Спешить было некуда. Толстяк Болото и еще один из тверских – хозяин синенькой «Нивы» – укатили домой еще днем. Дачник спал. Оглоед помогал по хозяйству – таскал в баню воду. Ангелина, измученная творческими трудами, прилегла в своей комнатке на кровать и тупо пялилась в потолок. Леонид, как мне доложил полчаса назад Гроб, пребывал в подполе в полной прострации и лишь клянчил воды. Признаться, я опасался, как бы у братца не съехала крыша раньше, чем он толкнет покаянную речь перед камерой.
Но Леня оказался крепким орешком.

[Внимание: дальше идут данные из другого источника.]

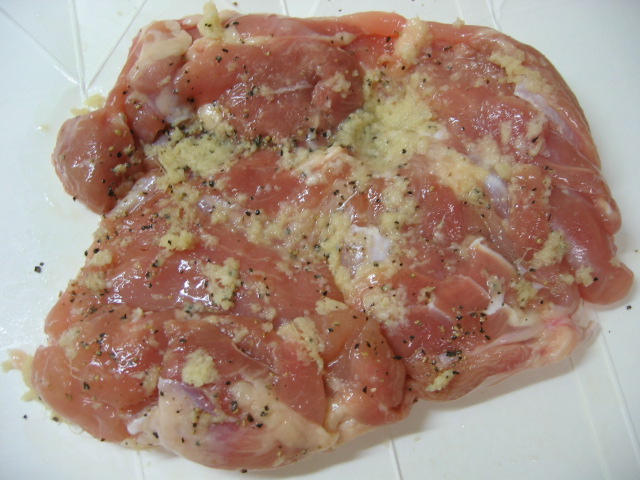 鶏もも肉に塩、こしょう、おろし
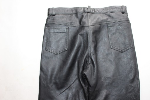 Spodnie zapinane na zamek i guzik, wewnątrz podszewka, 4 kieszonki, dobra jakość skóry- stan dosyć dobry- brak cypelka przy zamku.
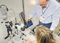Dentro de la exhibición hubo una sala dedicada a los láseres de retina, para que los especialistas de la salud visual tuvieran la oportunidad de probar fotocoaguladores de cinco empresas diferentes, entre las que destacó Norlase, que contó con dos estaciones de trabajo totalmente funcionales, una con el LEAF (en una lámpara de hendidura) y otra con un LION (integrado en el LIO).
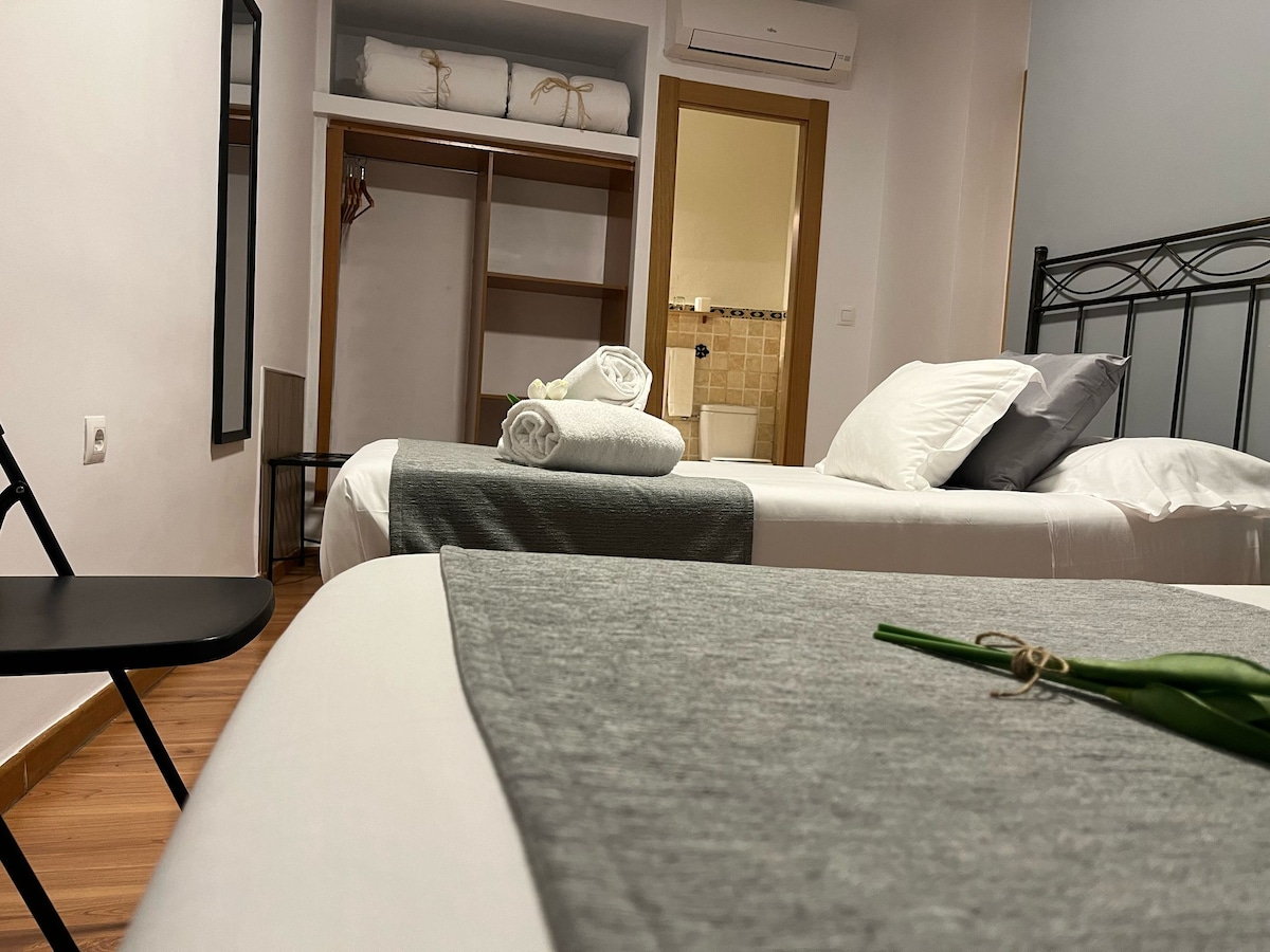 Descubre el encanto de Sevilla en una casa del siglo XVII, en el barrio Santa Cruz. Tu habitación privada con baño da al callejón de los desafíos, un estrecho pasaje con historia, donde se batían en duelo en el siglo XVIII. Acceso a zonas comunes con salón, cocina, patio con piscina y azotea con vistas parciales a la Giralda. Desayuno de cortesía disponible para que lo prepares a tu ritmo.
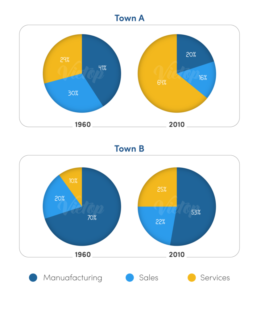 Task 1: The charts below show the percentage of people working in different sectors in town A and town B in 1960, 2010.
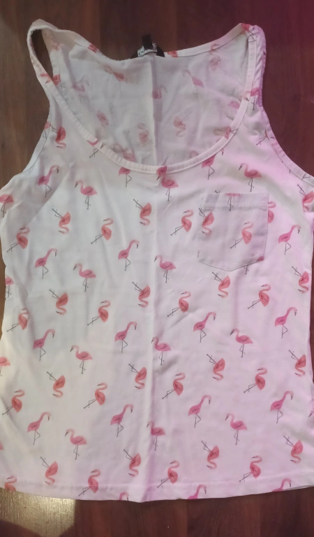 Women's tank top with a pink flamingo print.
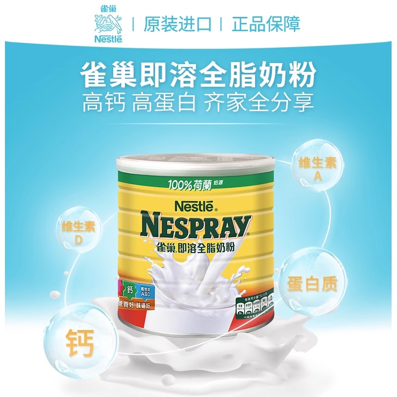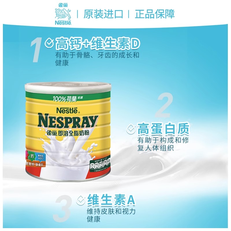 Nestle雀巢港版即溶全脂奶粉高蛋白高钙进口全家营养牛奶粉800g*3
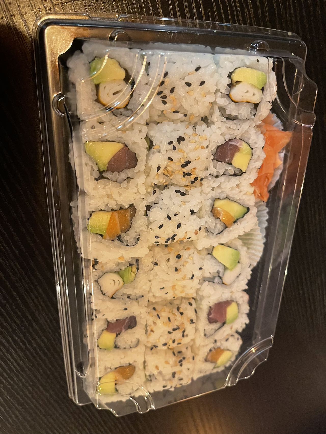 Rapidité de livraison avec Uber Eats, prix corrects. Bons california makis, le riz était fraichement cuit, et poisson frais!

Когда Гроб освободил его из заточения, он поднялся наверх с совершенно ясным рассудком и тем выражением на лице, с каким, наверное, шли на расстрел герои-подпольщики. Впрочем, мой брат и мог называться подпольщиком – как-никак просидел в подполе почти десять часов.
– Шевелись, твою мать! – Гроб основательно приложился ступней к его заднице, и Леонид с трудом устоял на ногах. – Двигай ляжками, падла!
– Куда мне?..
– Вперед! На очняк с любимой супругой.
Леонид процедил сквозь зубы длинное ругательство, без каких-либо признаков интереса посмотрел на меня и прошествовал мимо – в комнату, где в качестве зрителя устроился в уголке Дачник, а перед видеокамерой покорно сидела на стульчике Ангелина, готовая вслух повторить все то, что недавно закончила излагать на бумаге.
– Леня! Как ты? – Она даже привстала при виде мужа, но он не удостоил ее и мимолетного взгляда.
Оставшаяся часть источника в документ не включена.